Part of a national effort

The young men promoting the museum plan say their interest also stems from stories their grandparents told them about the hill and the ancient people who lived there. In one myth, the hill was a temple above a great emptiness where a giant snake lived.

The Mexican National Institute of Archaeology and History seeks the establishment of local museums. It has supported Santiago Matatlán’s project, which would be among at least 15 similar programs in Oaxaca state.

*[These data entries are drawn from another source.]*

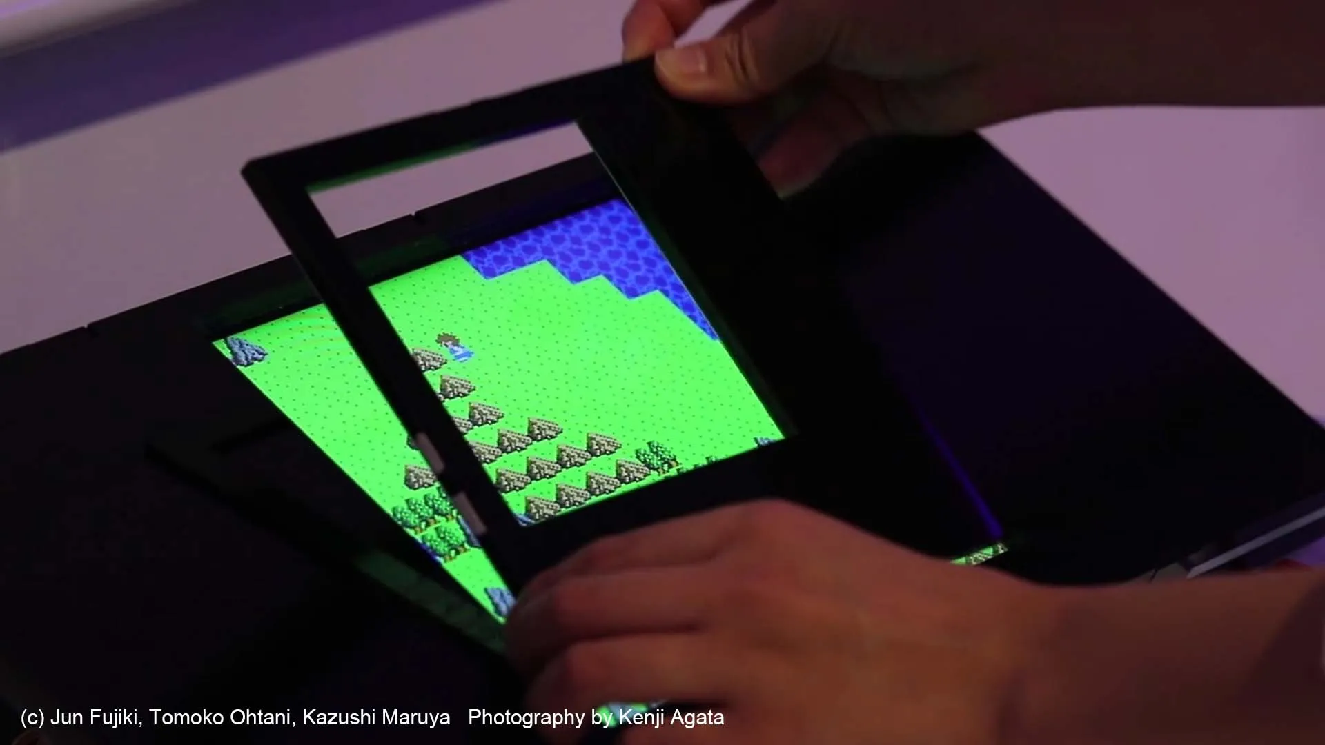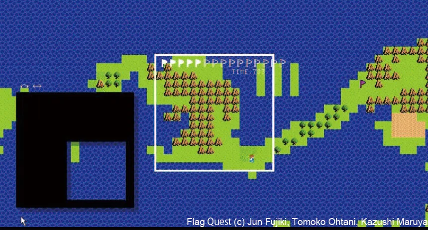 マスクプレートと呼ぶ物理的なインタフェースを使って、フィールドの任意の場所にループ構造を作り出すことで、新しいルートを形成しながらフィールド上の全ての旗を集めていく、レトロ RPG 風見下ろしビューのゲームです。2次元マップ上のキャラクタを操作するゲーム場面を例とし、仮想世界の座標系をユーザの意図にしたがって動的に書き換える、すなわちワープをインタフェースの基本動作に取り入れたシステムです。
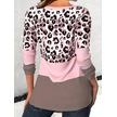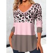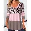 Soonaksesuar Kadın Uzun Kollu V Yakalı Leopar Baskılı Şardonlu Dalgıç Bluz Pembe
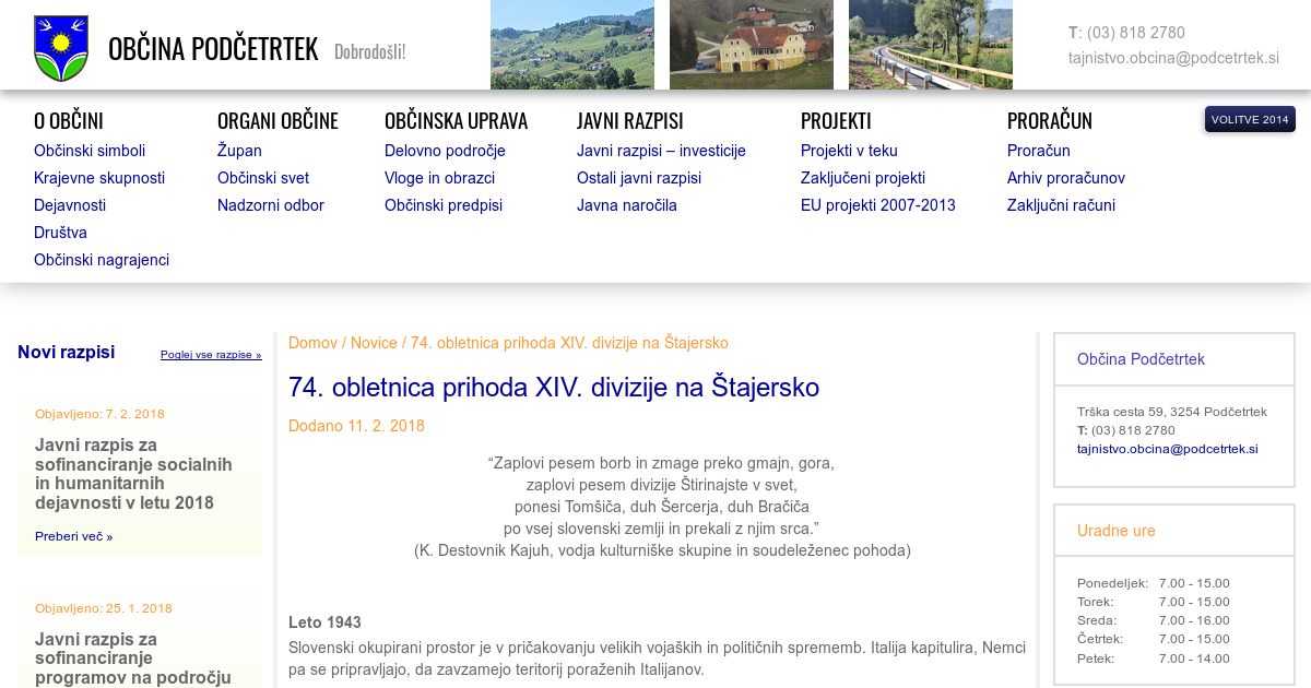 “Zaplovi pesem borb in zmage preko gmajn, gora, zaplovi pesem divizije Štirinajste v svet, ponesi Tomšiča, duh Šercerja, duh Bračiča po vsej slovenski zemlji in prekali z njim srca.” (K. Destovnik Kajuh, vodja kulturniške skupine in soudeleženec pohoda) Leto 1943 Slovenski okupirani prostor je v pričakovanju velikih vojaških in političnih sprememb. Italija kapitulira, Nemci
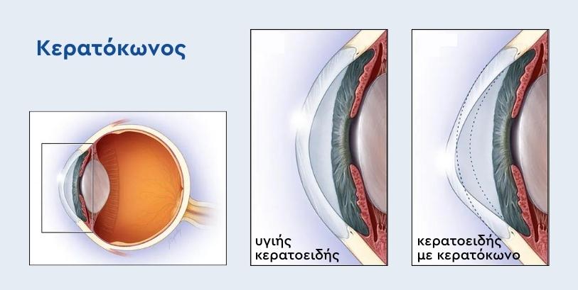 Ο κερατόκωνος προκαλεί παραμόρφωση του σχήματος του κερατοειδούς με επακόλουθη προοδευτική αύξηση του αστιγματισμού και της μυωπίας και παραμορφωμένη όραση που δεν διορθώνεται με γυαλιά.
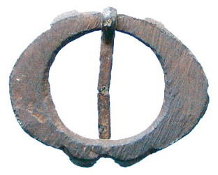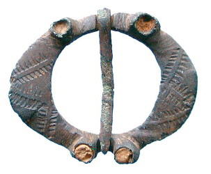 Medieval Ring Brooch. A copper alloy ring brooch of flat section, decorated with four raised cups, three of which still contain the white paste. 13th - 14th century. Nottinghamshire. 20 mm diameter. Complete with working pin. |
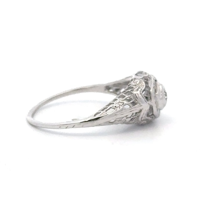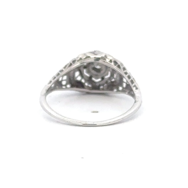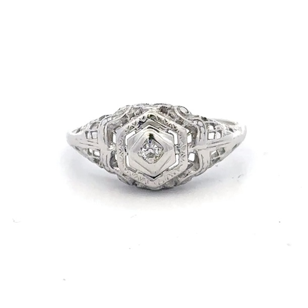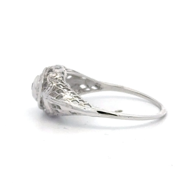 This lady’s estate ring features .03 carats of diamonds. It is mounted in 2.3 grams of 14k white gold. Ring size 8.
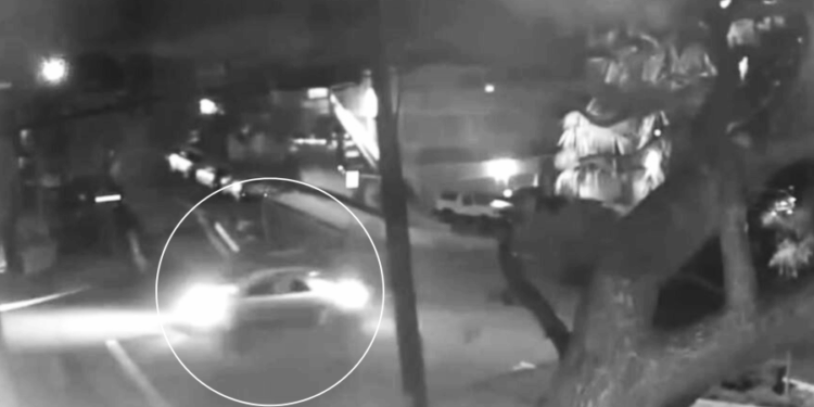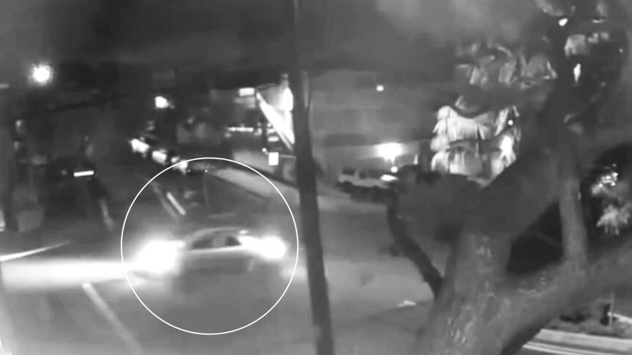 Grainy footage from the nearest surveillance camera was unable to capture clear details of the vehicle as it drove away.
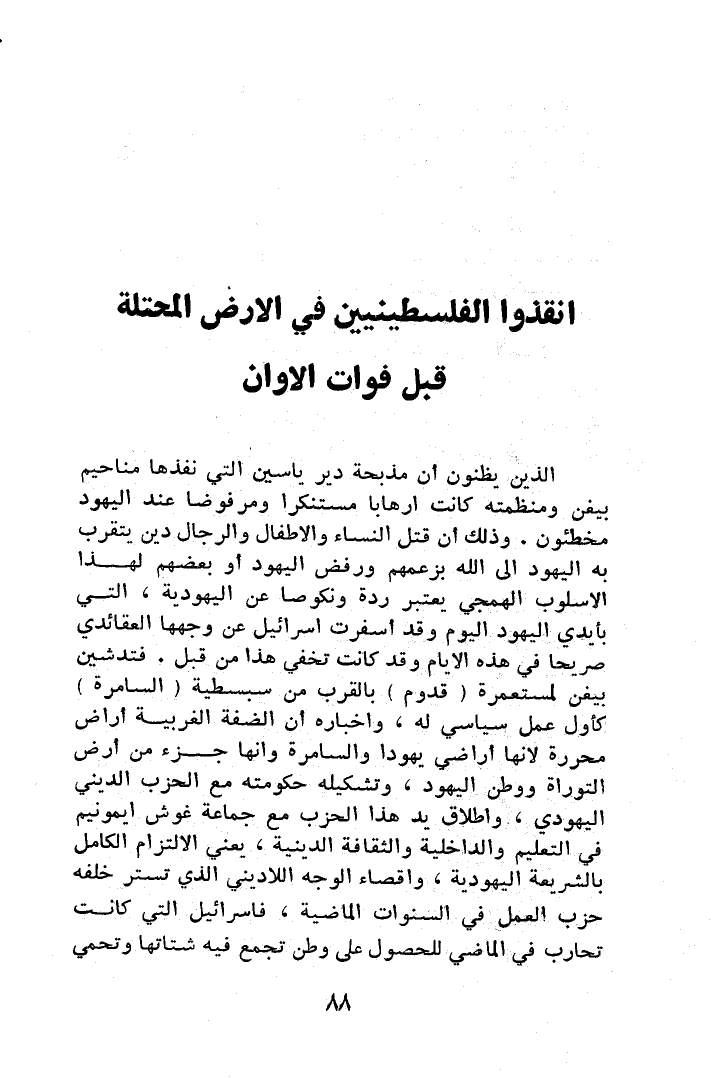 الذين يظنون أن مذبحة دير ياسين التي نفذها مناحيم بيغن ومنظمته كانت إرهاباً مستنكراً ومرفوضاً عند اليهود مخطئون، وذلك أن قتل النساء والأطفال والرجال دين يتقرب به اليهود إلى الله بزعمهم ورفض اليهود أو بعضهم لهذا الأسلوب الهمجي يعتبر ردة ونكوصاً عن اليهودية، التي بأيدي اليهود اليوم وقد أسفرت إسرائيل عن وجهها العقائدي صريحاً في هذه الأيام وقد كانت تخفي هذا من قبل، فتدشين بيغن لمستعمرة (قدوم) بالقرب من سبسطية (السامرة) كأول عمل سياسي له، وأخباره أن الضفة الغربية أراض محررة لأنها أراضي يهودا والسامرة وأنها جزء من أرض التوراة ووطن اليهود، وتشكيله حكومته مع الحزب الديني اليهودي، وإطلاق يد هذا الحزب مع جماعة غوش إيمونيم في التعليم والداخلية والثقافة الدينية، يعني الالتزام الكامل بالشريعة اليهودية، وإقصاء الوجه اللاديني الذي تستر خلقه حزب العمل في السنوات الماضية، فإسرائيل التي كانت تحارب في الماضي للحصول على وطن تجمع فيه شتاتها وتحمي
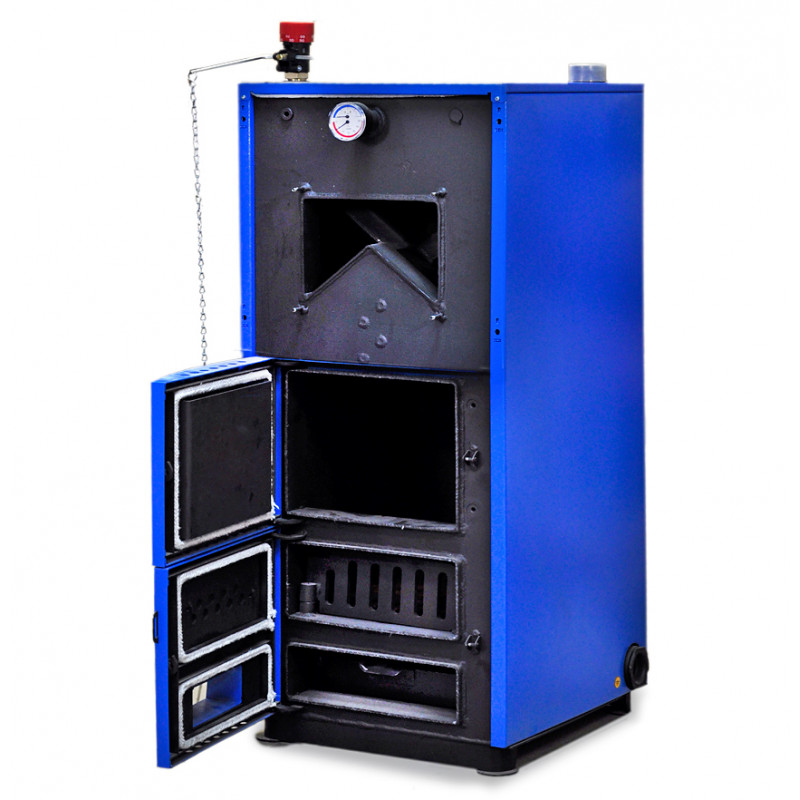Важное преимущество котла - рабочее давление 3 атмосферы, что служит гарантией безопасной эксплуатации и влияет на достижение максимального возможного КПД отопительной системы. Котел выдерживает кратковременное повышение давления до 4 атм. В отличие от чугунных котлов, подобные нештатные ситуации не приводят к выходу котла из строя и не грозят взрывом. Для обеспечения эффективного процесса горения все модифик ации котла снабжены автоматическим тягорегулятором и термоманометром для внешнего контроля температуры и давления тепло носителя.
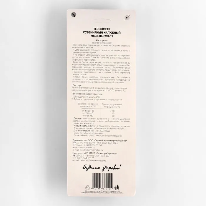 Термометр оконный ТСН-15 "Гвоздик" (t -60 + 60 С) в блистере — Характеристики
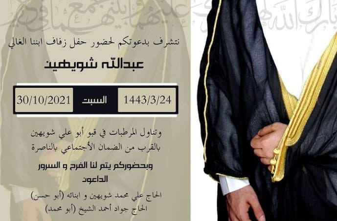 تحتفل عائلة شويهين والشيخ في القديح مساء يوم السبت بزفاف الشاب عبدالله علي محمد شويهين على كريمة الحاج جواد أحمد الشيخ «أبو محمد» وسط فرحة الأهل والأصدقاء ومحبي العريسين.
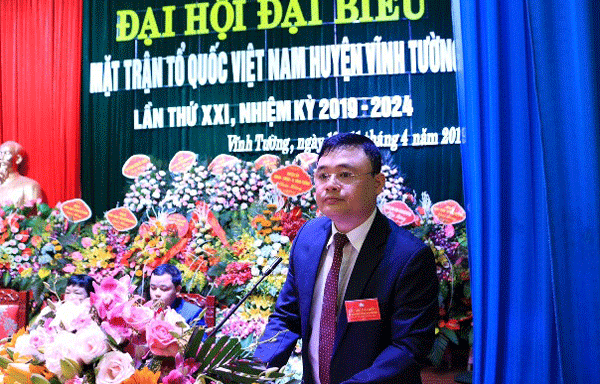 Sáng 11/4, Mặt trận tổ quốc Việt Nam huyện Vĩnh Tường, Vĩnh Phúc tổ chức đại hội đại biểu khóa XXI, nhiệm kỳ 2019-2024. Tới dự có  các đồng chí Nguyễn Tuấn Khanh- Uỷ viên Thường vụ Tỉnh ủy Vĩnh Phúc, Ủy viên UB TW MTTQ VN, Chủ tịch UBMTTQ VN tỉnh Vĩnh Phúc; lãnh đạo các Ban Tổ chức; Chủ tịch UB MTTQ VN các huyện, thị xã, thành phố thuộc tỉnh; đồng chí Lê Minh Thịnh- Tỉnh uỷ viên, Bí thư Huyện ủy, Chủ tịch HĐND huyện Vĩnh tường; các cơ quan, ban, ngành, đoàn thể của huyện, đại diện Mẹ VNAH, đối tượng chính sách, lãnh đạo Đảng ủy các xã, thị trấn trong huyện và 155 đại biểu chính thức, tiêu biểu đại diện cho các tầng lớp nhân dân trong huyện.
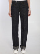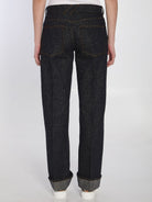 JEANS IN INDIGO DENIM. IT FEATURES A BUTTON CLOSURE, SILVER-TONE METAL BELT LOOP DETAIL WITH AN ENGRAVED MONOGRAM ON THE FRONT, BELT LOOPS, FIVE POCKETS, STRAIGHT LEGS, AND A CANVAS DETAIL ON THE INSIDE HEM WITH BURBERRY LETTERING.
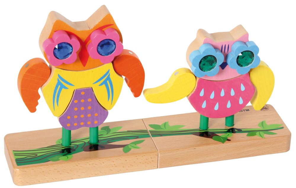 Zuordnungsspiel mit vielen bunten Holzteilen zum Gestalten vorgegebener und eigener Eulen, alleine oder zu zweit. 30×7,3×17
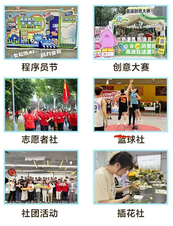 在高途工作的伙伴们年轻向上,团队氛围热烈活泼。周年庆、社团活动、各类节日活动、燃脂激励、吃瓜大赛等有趣活动应有尽有,每年都会有程序员节、创意大赛等活动,还组织有篮球社、插花社等各种兴趣类社团。在高途,开心工作,幸福生活。 成立11年来,高途集团坚持教育初心,步履不停,以热爱深耕教育,以“教育+AI”创新模式,结合“线上+线下”,累计服务学员9000余万人,遍布世界138个国家和地区。目前,高途线下校区覆盖城市20个,教育产品覆盖全年龄段。
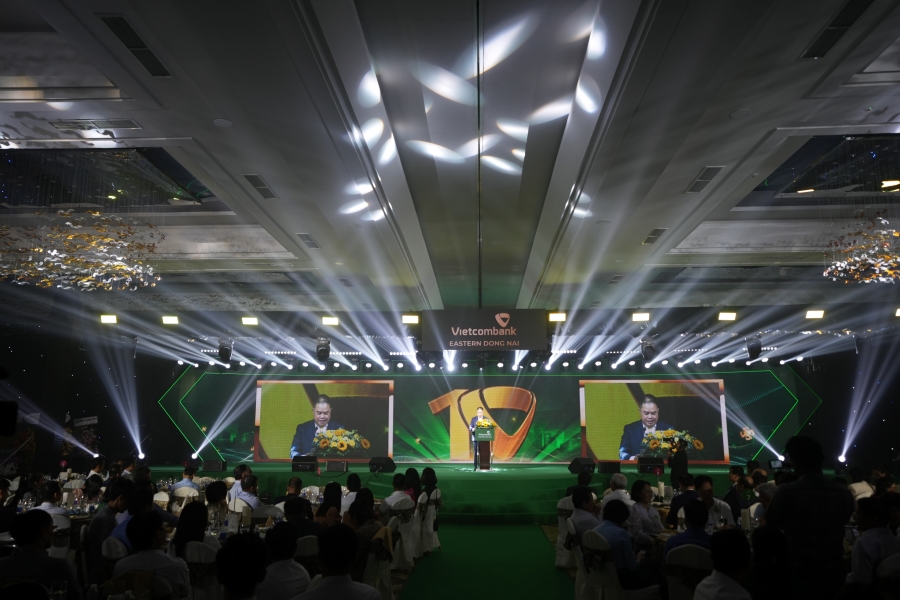 Thay mặt Ban Giám đốc, ông Trần Thành Nam báo cáo tóm tắt chặng đường 10 năm xây dựng phát triển và trưởng thành của chi nhánh. So với thời điểm mới thành lập, Vietcombank Đông Đồng Nai hôm nay đã có sự tăng trưởng ngoạn mục với tổng tài sản tăng từ 511 tỷ đồng (năm 2014) lên 21.451 tỷ đồng vào cuối năm 2023. Trong giai đoạn từ năm 2019 đến 2023, Chi nhánh vinh dự liên tiếp đạt thành tích “Đơn vị kinh doanh xuất sắc” hoàn thành nhiệm vụ của hệ thống, đồng thời tự hào là Chi nhánh có sự đóng góp tích cực vào sự phát triển của hệ thống Vietcombank. Chi nhánh cũng là đơn vị tiên phong thực hiện chuyển đổi số khi chính thức kết nối thành công, cung cấp các kênh giao dịch thanh toán số tại Trung tâm hành chính công tỉnh Đồng Nai. Hơn cả những con số, những thành tích, 10 năm qua là hành trình vun đắp niềm tin, là sự gắn kết bền chặt giữa Vietcombank Đông Đồng Nai với tất cả khách hàng và cộng đồng địa phương. Chi nhánh luôn ghi nhớ và trân trọng sự đồng hành ấy, đó là nguồn động lực lớn lao để Vietcombank Đông Đồng Nai tiếp tục hành trình phát triển trong tương lai. Trên hành trình sắp tới, Vietcombank Đông Đồng Nai mong muốn tiếp tục nhận được sự quan tâm, ủng hộ và đồng hành của quý vị đại biểu, các doanh nghiệp và toàn thể khách hàng. Chúng tôi tin tưởng rằng, với sự quyết tâm và nỗ lực của toàn thể CBNV, Vietcombank Đông Đồng Nai sẽ tiếp tục phấn đấu gặt hái nhiều thành công hơn nữa, khẳng định là Chi nhánh có quy mô và thị phần top đầu tại khu vực tỉnh Đồng Nai và hệ thống Vietcombank, đồng hành cùng khách hàng và cộng đồng phát triển thịnh vượng.

Feinman and his wife, Linda Nicholas, an adjunct curator at the Field Museum, helped present the museum proposal at two town hall-like hearings last spring. They were met with suspicions about outsiders and a grilling over what they might be up to on the hill.

The “culture promoters” and community leaders helped lay those suspicions to rest. Ultimately, the project was approved by a show of hands among the several hundred in attendance. The promoters were given a 19-page permit, which some of those assembled “signed” with thumbprints.

“The former village leaders never told his people that [Feinman] was up there excavating. They didn’t know what he was doing,” Escobar said. “The community is totally in agreement now.” Still, the project hasn’t cleared its last hurdle. The museum committee was told it could use a municipal storehouse for the exhibition, but committee members say they will need about $10,000 to repair the leaky roof and the walls.

The village administrator was recently replaced; his successor is not as interested in the museum project. And yet to be known is the opinion of a new mayor who should be elected in December to fill a seat that has been empty because of a decade-long spat among the village’s principal families and factions.

“Matatlán has a lot of history,” said Gregorio Hernandez, 33, another promoter, “and we’re going to rescue it.”